Try it:
Exactly the lines below starting at the line with "В коллекции Ozara" and ending at the line with "Um Português chega" are wanted, with both ends included. Leave out the pictures and add no other lines.

The input:
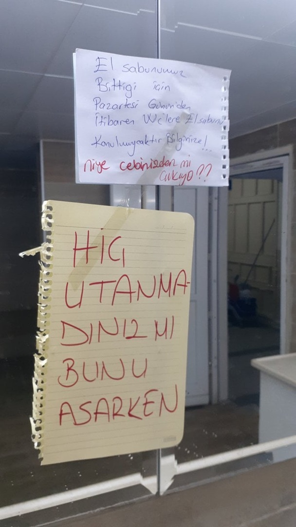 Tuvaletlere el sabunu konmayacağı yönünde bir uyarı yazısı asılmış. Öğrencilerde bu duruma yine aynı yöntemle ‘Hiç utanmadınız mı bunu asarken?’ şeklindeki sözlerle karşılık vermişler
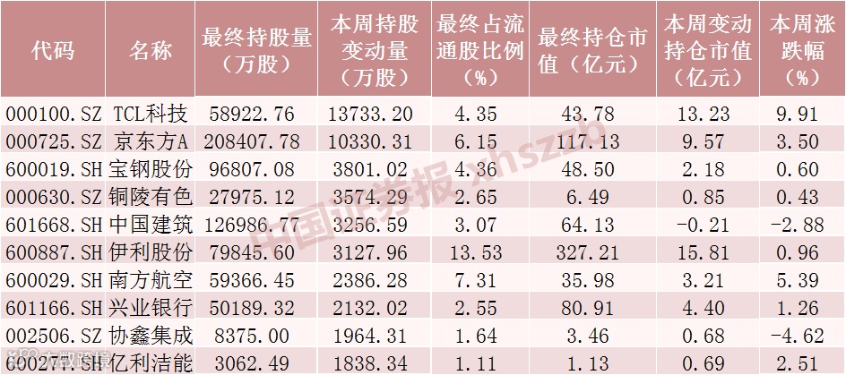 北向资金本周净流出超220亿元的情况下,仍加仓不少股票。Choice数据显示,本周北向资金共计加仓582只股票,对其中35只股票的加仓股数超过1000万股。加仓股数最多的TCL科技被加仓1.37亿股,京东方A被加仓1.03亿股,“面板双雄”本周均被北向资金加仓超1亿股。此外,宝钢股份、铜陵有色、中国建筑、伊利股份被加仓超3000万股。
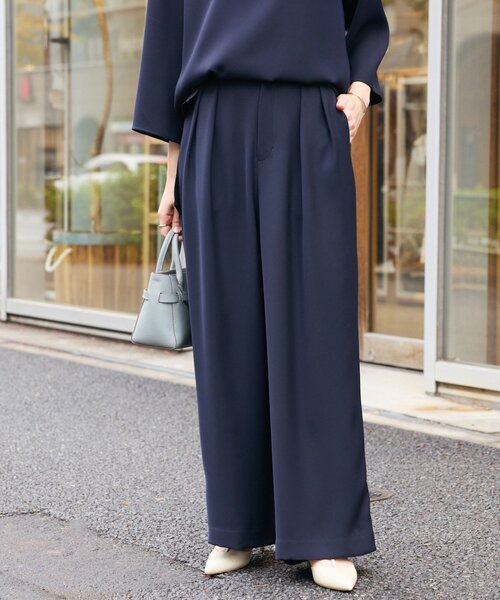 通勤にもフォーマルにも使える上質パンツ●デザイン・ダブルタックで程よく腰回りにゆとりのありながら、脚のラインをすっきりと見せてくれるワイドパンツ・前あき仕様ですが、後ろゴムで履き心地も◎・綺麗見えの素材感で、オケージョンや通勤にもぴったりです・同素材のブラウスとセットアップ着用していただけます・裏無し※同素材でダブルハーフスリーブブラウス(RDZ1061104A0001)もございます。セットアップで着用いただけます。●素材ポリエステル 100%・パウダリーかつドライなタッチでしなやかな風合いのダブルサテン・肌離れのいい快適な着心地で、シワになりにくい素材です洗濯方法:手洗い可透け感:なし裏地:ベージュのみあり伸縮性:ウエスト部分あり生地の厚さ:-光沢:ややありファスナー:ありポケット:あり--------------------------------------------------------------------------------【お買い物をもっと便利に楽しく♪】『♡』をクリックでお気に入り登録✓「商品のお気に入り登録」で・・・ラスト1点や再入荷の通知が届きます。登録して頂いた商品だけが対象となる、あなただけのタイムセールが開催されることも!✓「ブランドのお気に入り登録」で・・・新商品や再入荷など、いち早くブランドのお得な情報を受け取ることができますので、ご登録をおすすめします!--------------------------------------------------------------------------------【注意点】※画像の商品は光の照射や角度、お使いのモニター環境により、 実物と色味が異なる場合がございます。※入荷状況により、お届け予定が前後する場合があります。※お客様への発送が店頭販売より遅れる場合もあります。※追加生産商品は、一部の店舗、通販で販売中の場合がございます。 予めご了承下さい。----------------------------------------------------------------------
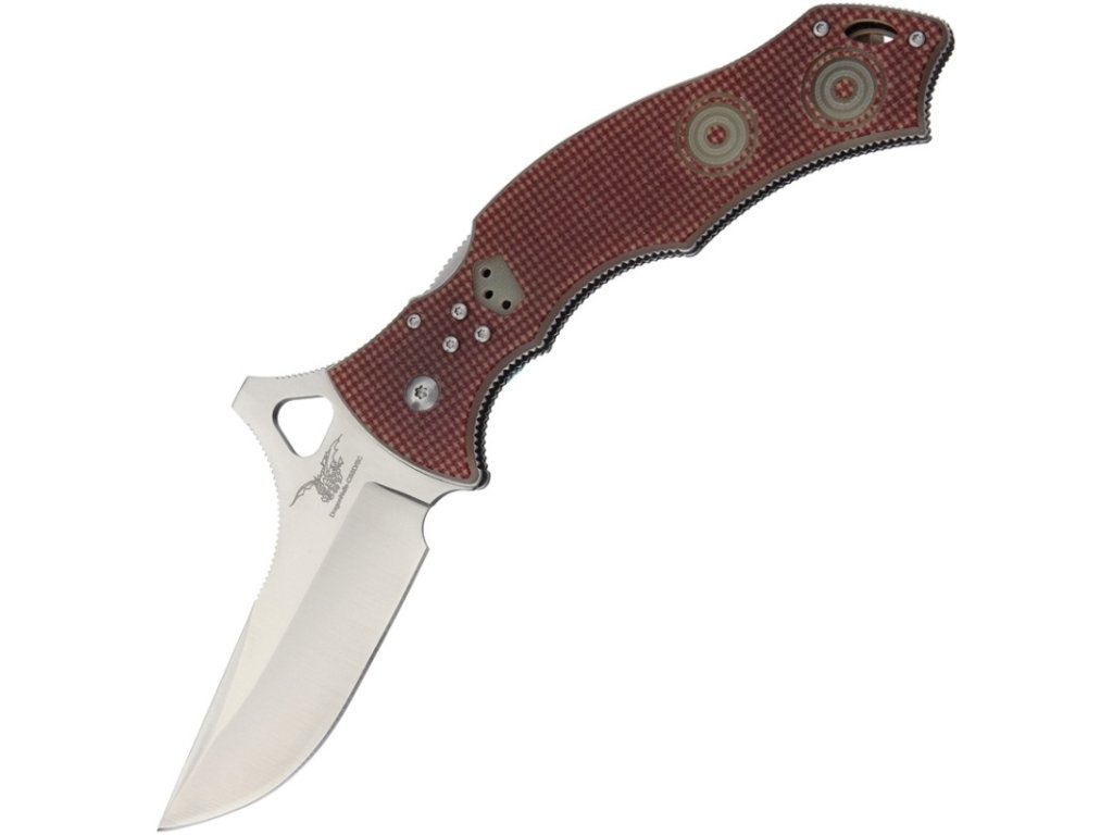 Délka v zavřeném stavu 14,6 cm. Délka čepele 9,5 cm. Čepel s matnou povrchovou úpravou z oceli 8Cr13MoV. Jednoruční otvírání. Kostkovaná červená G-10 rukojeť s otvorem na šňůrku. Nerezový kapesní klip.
==
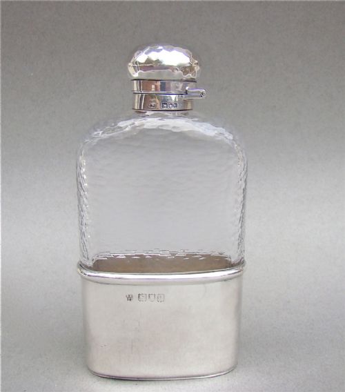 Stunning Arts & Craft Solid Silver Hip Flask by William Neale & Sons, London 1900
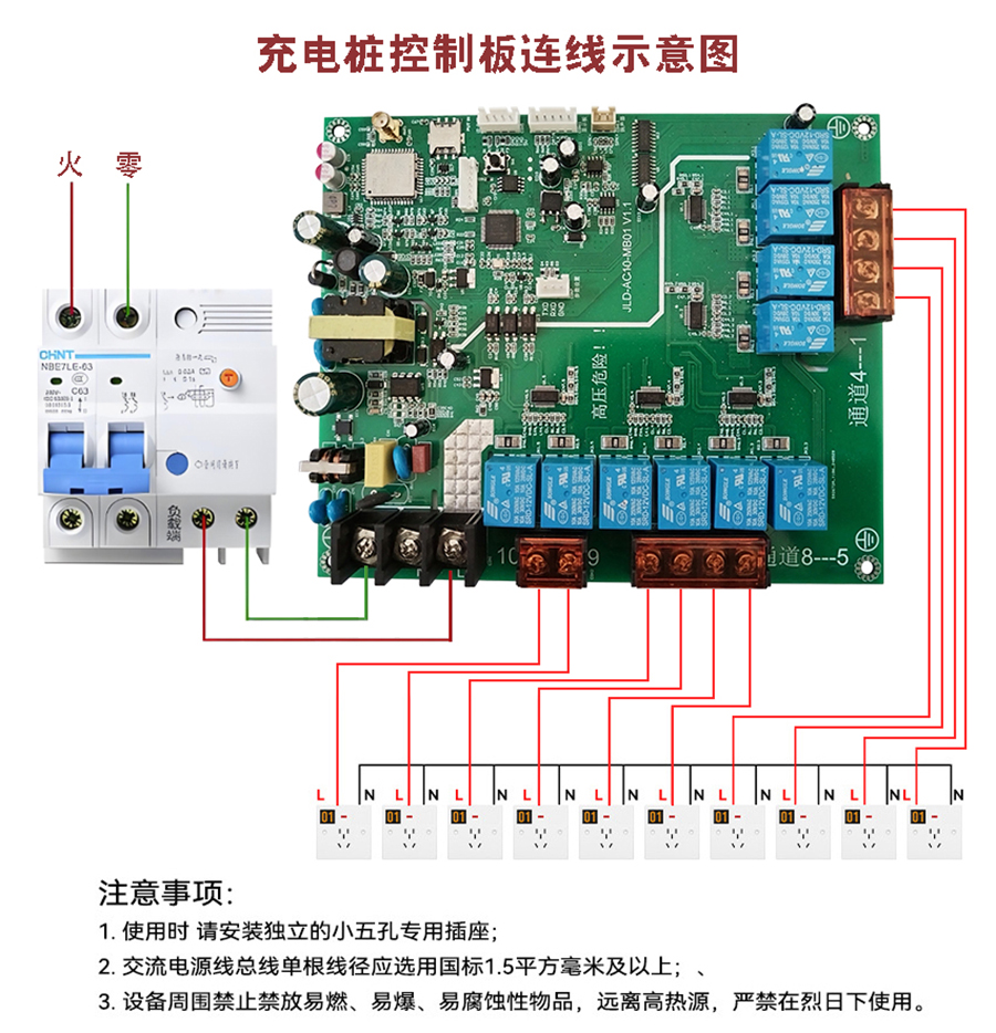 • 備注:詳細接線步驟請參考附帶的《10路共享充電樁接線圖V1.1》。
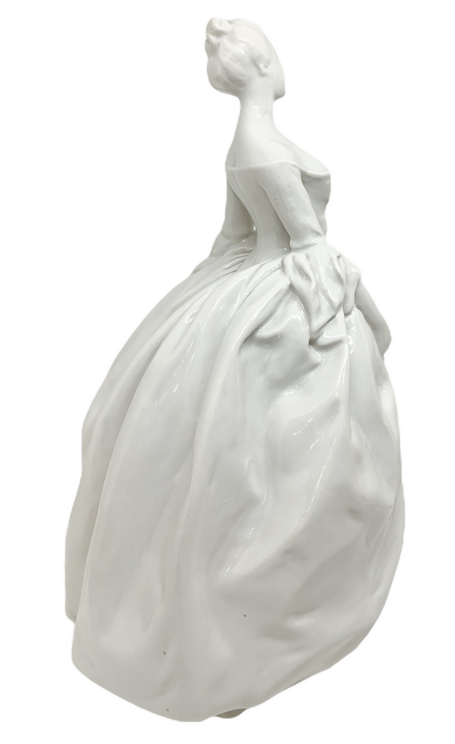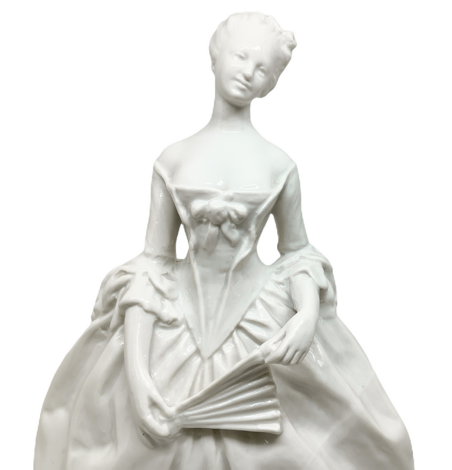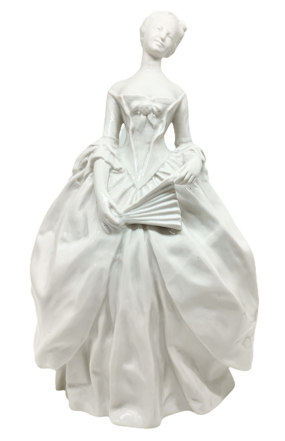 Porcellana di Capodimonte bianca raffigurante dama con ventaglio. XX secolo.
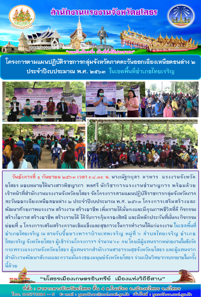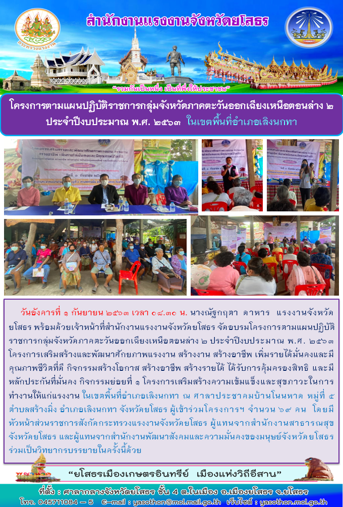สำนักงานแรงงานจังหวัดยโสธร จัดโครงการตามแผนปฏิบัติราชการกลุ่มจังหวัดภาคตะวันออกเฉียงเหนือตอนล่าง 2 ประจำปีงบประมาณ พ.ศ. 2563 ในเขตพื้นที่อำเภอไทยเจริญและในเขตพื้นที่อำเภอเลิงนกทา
==
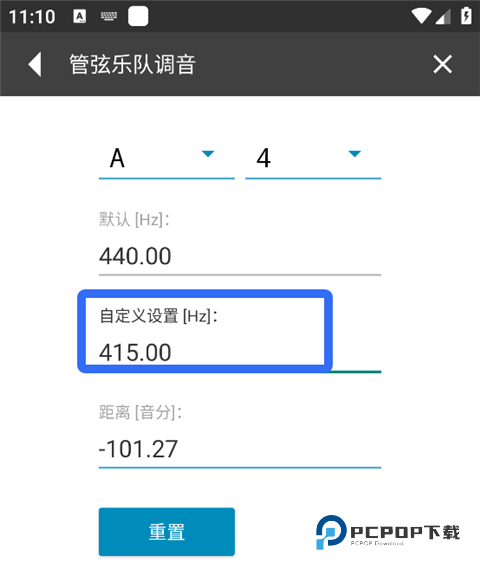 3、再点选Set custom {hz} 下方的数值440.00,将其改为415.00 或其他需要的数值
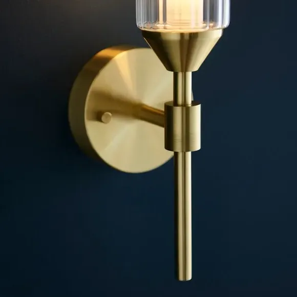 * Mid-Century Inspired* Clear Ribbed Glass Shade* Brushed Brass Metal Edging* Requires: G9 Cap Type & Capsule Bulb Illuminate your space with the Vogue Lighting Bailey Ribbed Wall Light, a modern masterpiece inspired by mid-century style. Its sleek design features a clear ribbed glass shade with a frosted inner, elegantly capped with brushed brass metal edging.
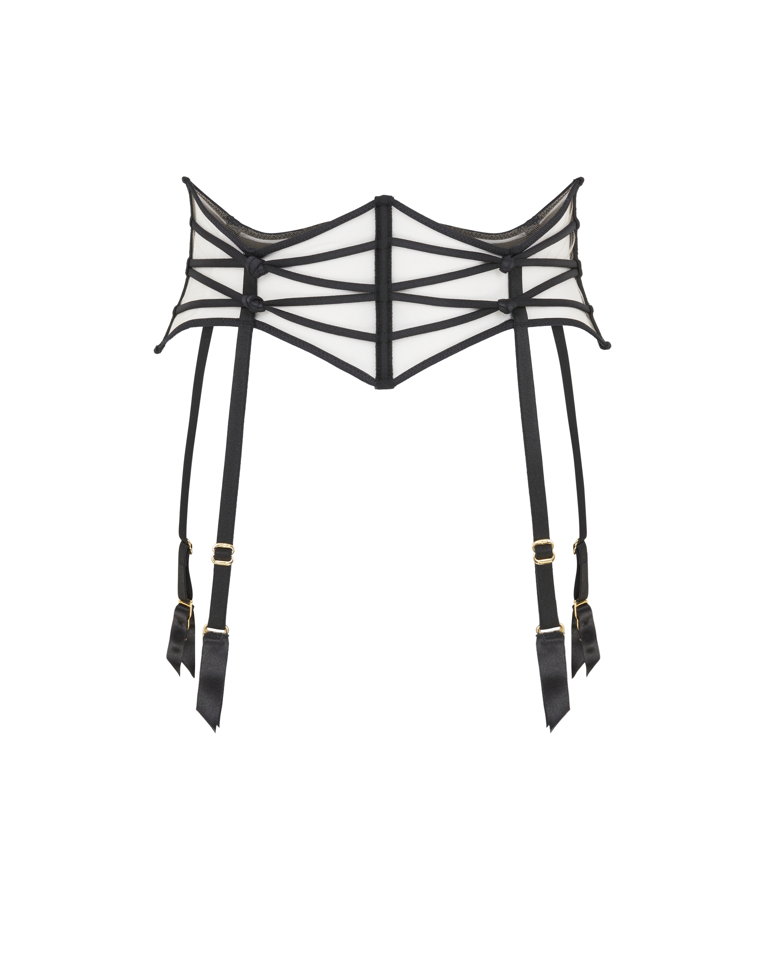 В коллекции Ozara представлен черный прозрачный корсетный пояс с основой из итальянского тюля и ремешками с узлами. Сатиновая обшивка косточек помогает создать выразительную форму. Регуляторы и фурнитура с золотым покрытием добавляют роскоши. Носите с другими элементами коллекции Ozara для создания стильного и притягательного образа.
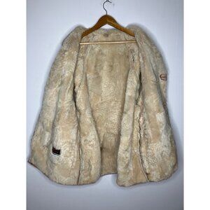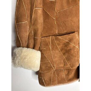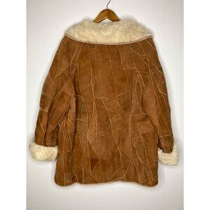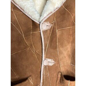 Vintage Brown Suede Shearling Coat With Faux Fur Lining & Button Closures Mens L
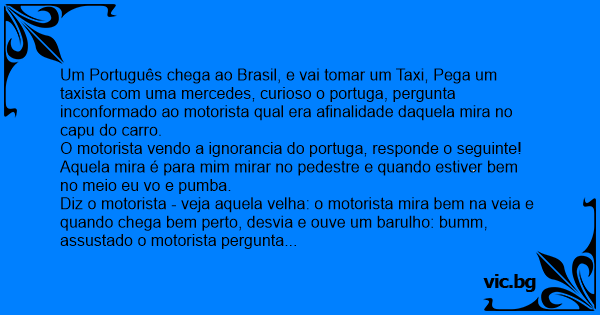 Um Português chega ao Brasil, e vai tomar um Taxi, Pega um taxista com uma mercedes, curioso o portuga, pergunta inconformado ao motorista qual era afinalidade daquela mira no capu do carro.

Answer section:
 В коллекции Ozara представлен черный прозрачный корсетный пояс с основой из итальянского тюля и ремешками с узлами. Сатиновая обшивка косточек помогает создать выразительную форму. Регуляторы и фурнитура с золотым покрытием добавляют роскоши. Носите с другими элементами коллекции Ozara для создания стильного и притягательного образа.
 Vintage Brown Suede Shearling Coat With Faux Fur Lining & Button Closures Mens L
 Um Português chega ao Brasil, e vai tomar um Taxi, Pega um taxista com uma mercedes, curioso o portuga, pergunta inconformado ao motorista qual era afinalidade daquela mira no capu do carro.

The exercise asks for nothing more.